We define L (j) as an optimized sub-structure, that is, the longest incrementing sub-sequence. Then the relationship between L (j) and L (1 .. J-1) can be described

L (j) = max {L (I), I <J & AI <AJ} + 1That is to say, L (j) is equal to the largest L (I) plus one of all the preceding L (I. such L (I) must meet the condition that AI <AJ. this inference is easy to understand. that is, all the values before J must be smaller than the maximum value of the current array.

We can easily write the following code:

// Longest_increase_subsequence.cpp: defines the entry point for the console application. <br/> // <br/> # include "stdafx. H "<br/> # include <vector> <br/> # include <iostream> <br/> # include" windows.
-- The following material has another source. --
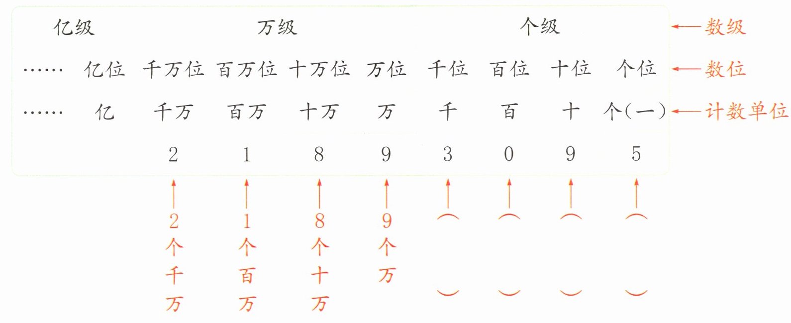 例题:在日常生活和生产中,我们经常用到比万大的数。你知道右图这个数中每个数字的含义吗?

H "<br/>/** <br/> * Description: calulate the longest increase subsequence <br/> * @ Param S1, source sequence <br/> * @ Param S2, output, longest increase sequence <br/> */<br/> template <typename T> void longest_increase_subsequence (const STD :: vector <t> & S1, STD: vector <t> & S2) <br/>{</P> <p> int n = s1.size (); if (n <1) return; <br/> int m = 0; <br/> int K = 0; <br/> STD :: vector <unsigned int> B (n + 1, 1); <br/> STD: vector <unsigned int> P (n + 1, 0 ); </P> <p> for (INT I = 1; I <= N; I ++) <br/> {<br/> for (Int J = 1; j <I; j ++) <br/> {<br/> If (S1 [I-1]> S1 [J-1] & B [I] <B [J] + 1) <br/>{< br/> B [I] = B [J] + 1; <br/> P [I] = J; <br/>}< br/> for (INT I = 1; I <= N; I ++) <br/>{< br/> If (M <B [I]) <br/>{< br/> M = B [I]; <br/> K = I; <br/>}< br/> s2.resize (m); <br/> while (k> 0) <br/>{< br/> S2 [M-1] = S1 [k-1]; <br/> m --; <br/> K = P [k]; <br/>}< br/> int _ tmain (INT argc, _ tchar * argv []) <br/> {<br/> int A [] = {1, 9, 3, 8, 11, 4, 5, 6, 4, 19, 7, 1, 7 };< br/> STD: vector <int> seq (A, A + sizeof (a)/sizeof (A [0]); <br/> STD:: vector <int> r; <br/> longest_increase_subsequence (SEQ, R); <br/> for (INT I = 0; I <R. size (); I ++) <br/> STD: cout <R [I] <""; <br/> STD: cout <STD :: endl; <br/> system ("pause"); <br/> return 0; <br/>}

Similar to the previous Code, here are some secondary two-dimensional array P used to trace the longest subsequence. the time complexity of the entire algorithm reaches O (n Limit 2 ). of course there are some nlog (n) implementations. but it is not the focus of dynamic planning.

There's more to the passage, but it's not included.